# TASK REQUIREMENTS
Only the lines below from the one containing "Використані якісні матеріали: керамограніт" through the one containing "Es rauscht und" belong in the answer, repeated exactly and without pictures.

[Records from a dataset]
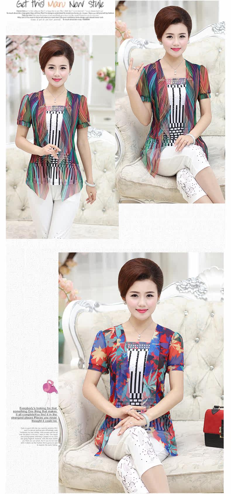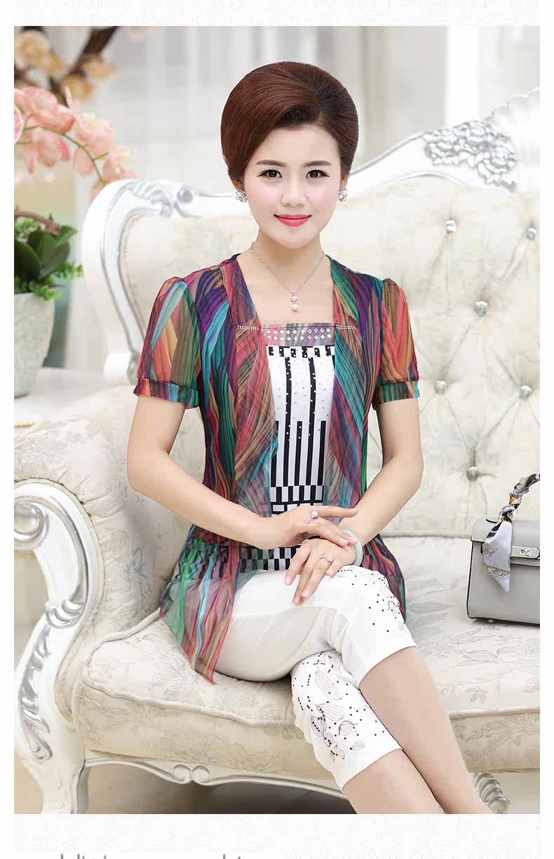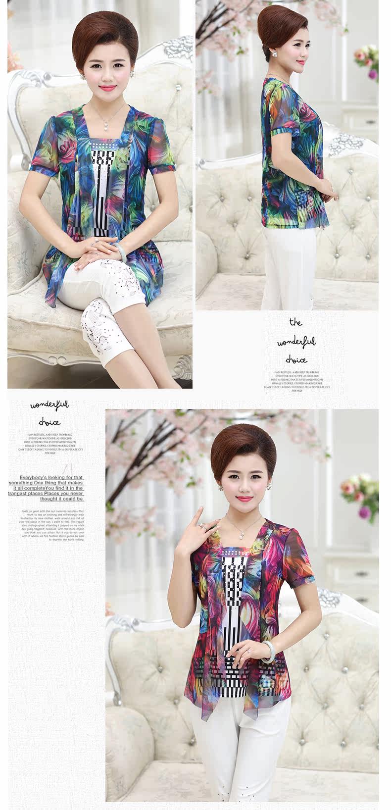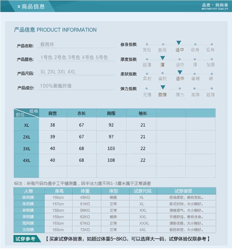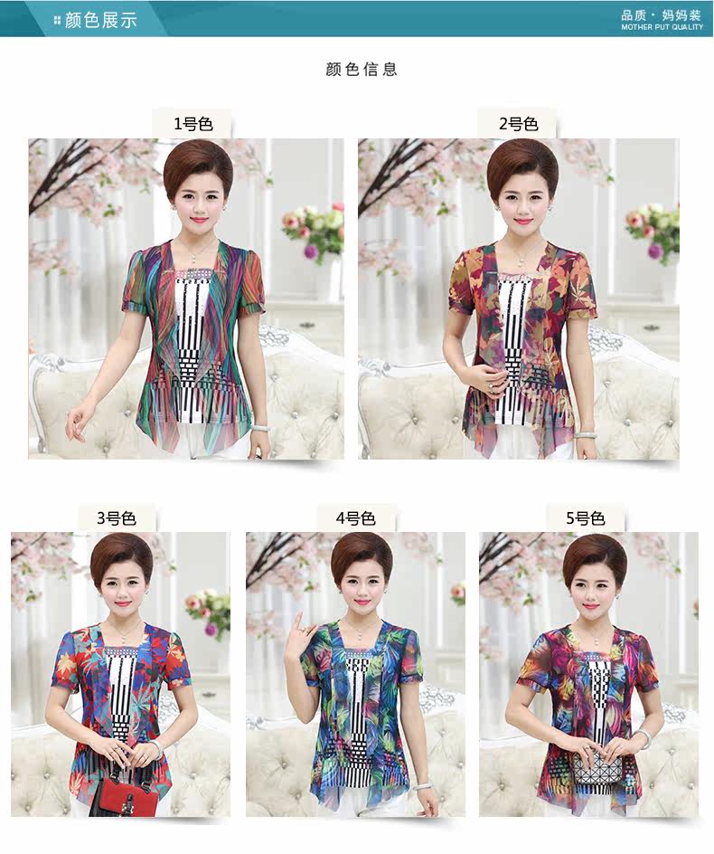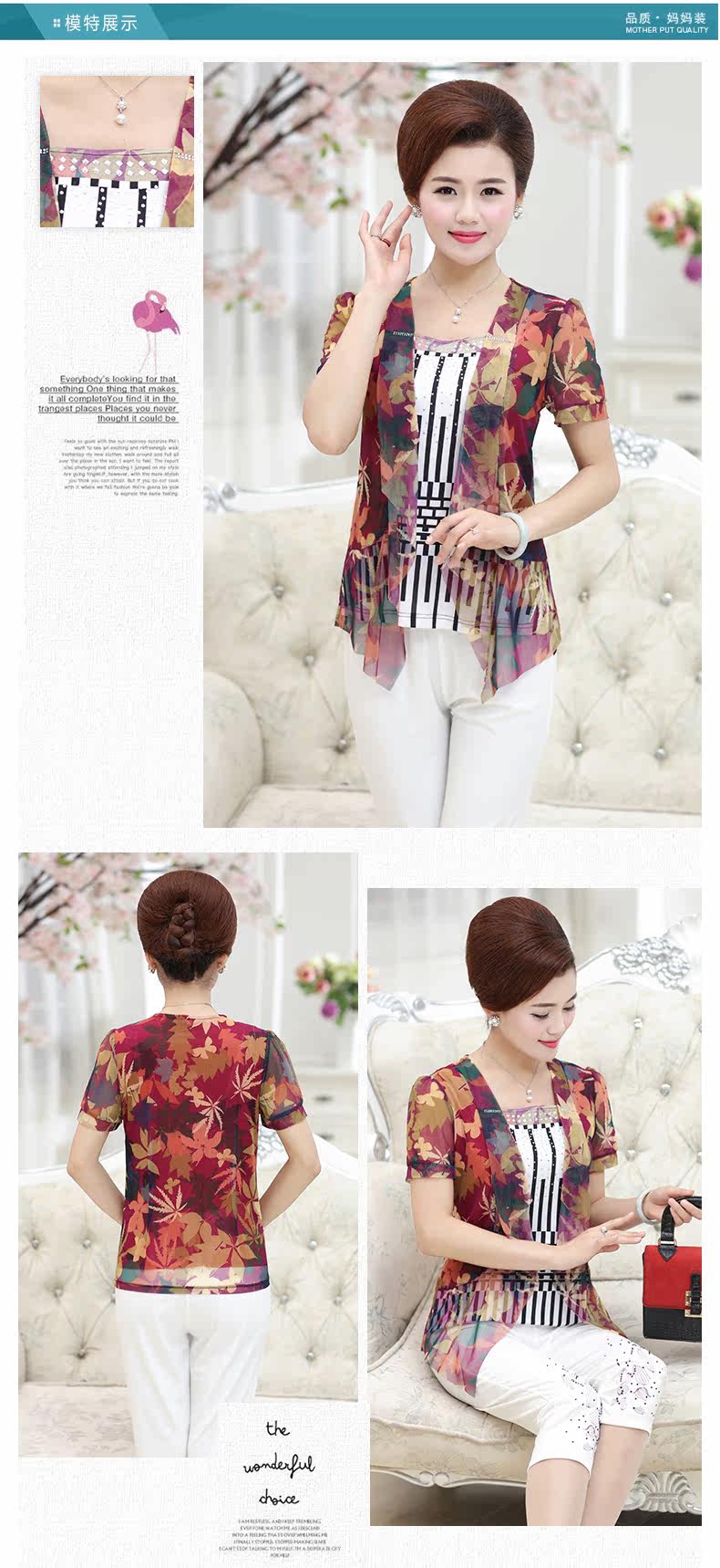 中老年女装短袖T恤夏装中年人女装40-50岁妈妈装夏季上衣假两件
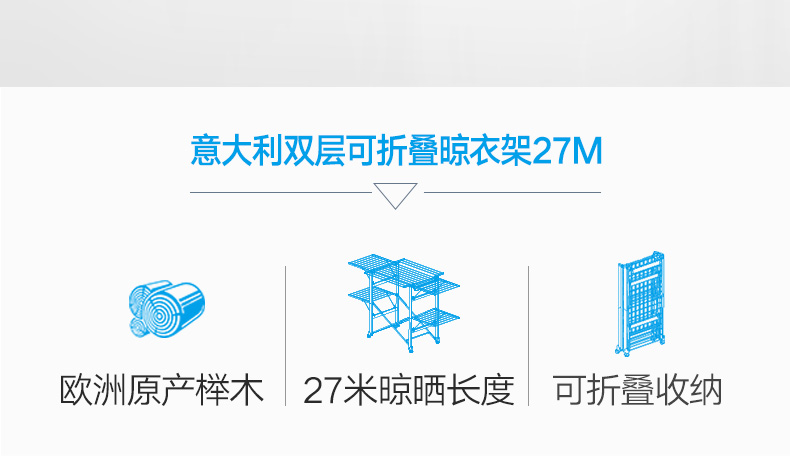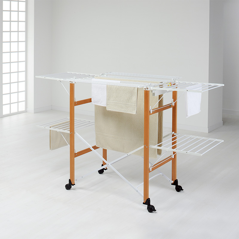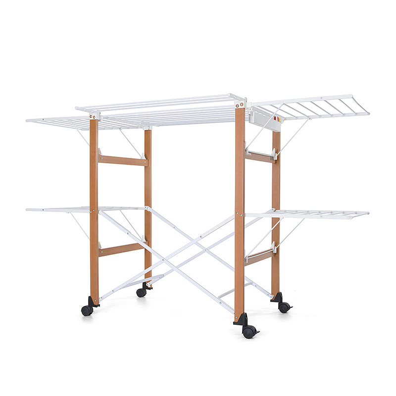 双层可折叠木质晾衣架 27M 配6个小夹子
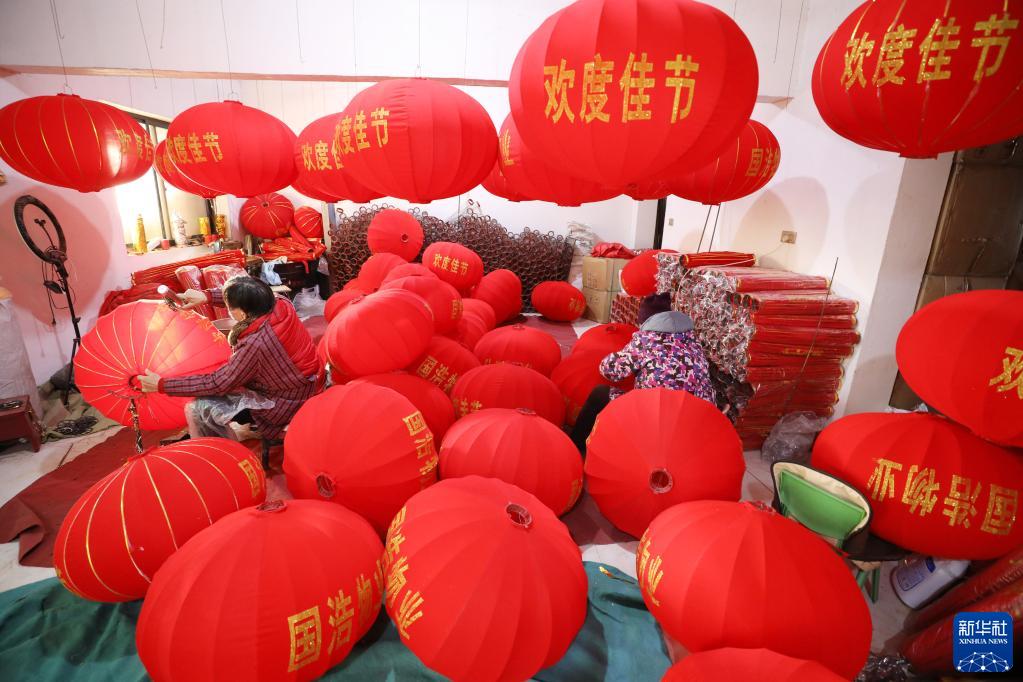 新年臨近,河南省焦作市溫縣北冷鄉許北張村燈籠作坊內一派忙碌景象,村民們加緊趕制大紅燈籠,供應節日市場(chǎng)。
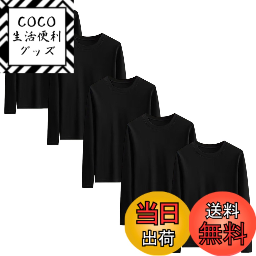 【送料無料】Hisitosa インナーシャツ メンズ 長袖 3枚セット 5枚組 防寒 肌着 裏起毛 厚手 長袖tシャツ 丸首 軽くて暖かい 冬服メンズ ストレッチ クセになる肌触り 色:5枚組-ブラック、サイズ:L
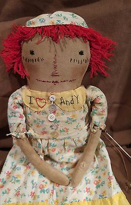 Primitive Folk Art Doll OOAK Raggedy Ann Mustard Seed Fat Hen Farm Cloth Calico
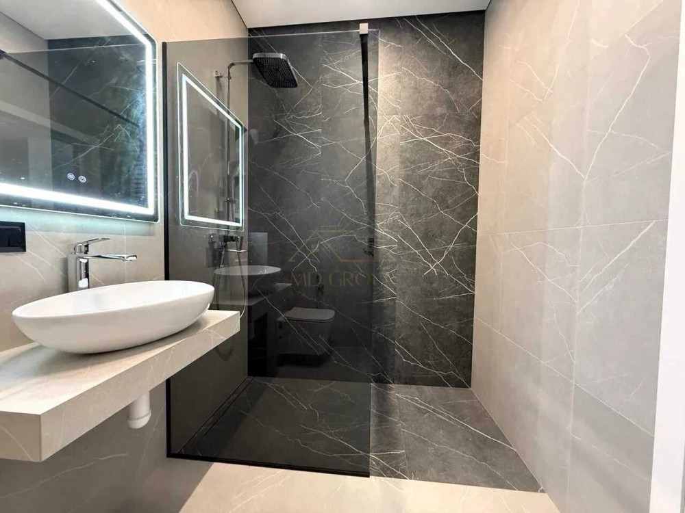 Використані якісні матеріали: керамограніт великого формату, вологостійкі оздоблювальні матеріали, сучасні текстури дерева та каменю
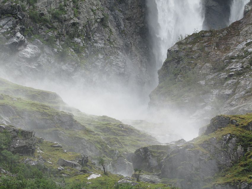 Es rauscht und tost nunmehr wieder gewaltig, denn auf der anderen Seite des tosenden Flusses stürzen etliche Wasserfälle zu Tal:
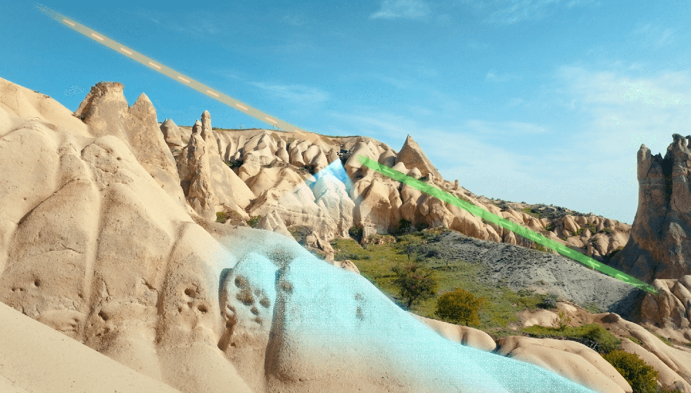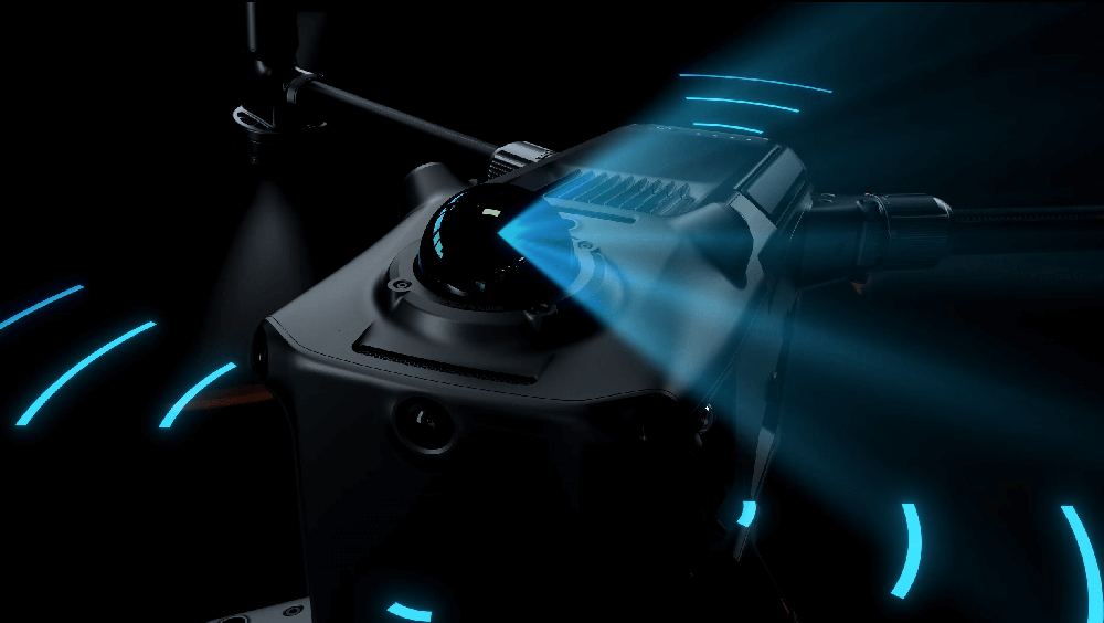 由環掃激光雷達、高精度毫米波雷達及全彩低光魚眼視覺傳感器構成的強大避障系統,全面躍升了 Matrice 400 的避障能力、融合定位能力。它能探測細小障礙物,即使在夜間也可避開橫跨山野的高壓線,穿透雨霧感知周圍環境,全天候保障作業安全。同時,Matrice 400 可貼近玻璃樓宇或風機葉片穩定飛行,甚至可在返航點尚未刷新時,從樓邊、山腳、橋邊等場景安全返航。機身的四個全彩低光魚眼視覺傳感器也可提供彩色飛行輔助影像,讓飛行更安心。

# OUTPUT FOR THIS TASK
 Використані якісні матеріали: керамограніт великого формату, вологостійкі оздоблювальні матеріали, сучасні текстури дерева та каменю
 Es rauscht und tost nunmehr wieder gewaltig, denn auf der anderen Seite des tosenden Flusses stürzen etliche Wasserfälle zu Tal:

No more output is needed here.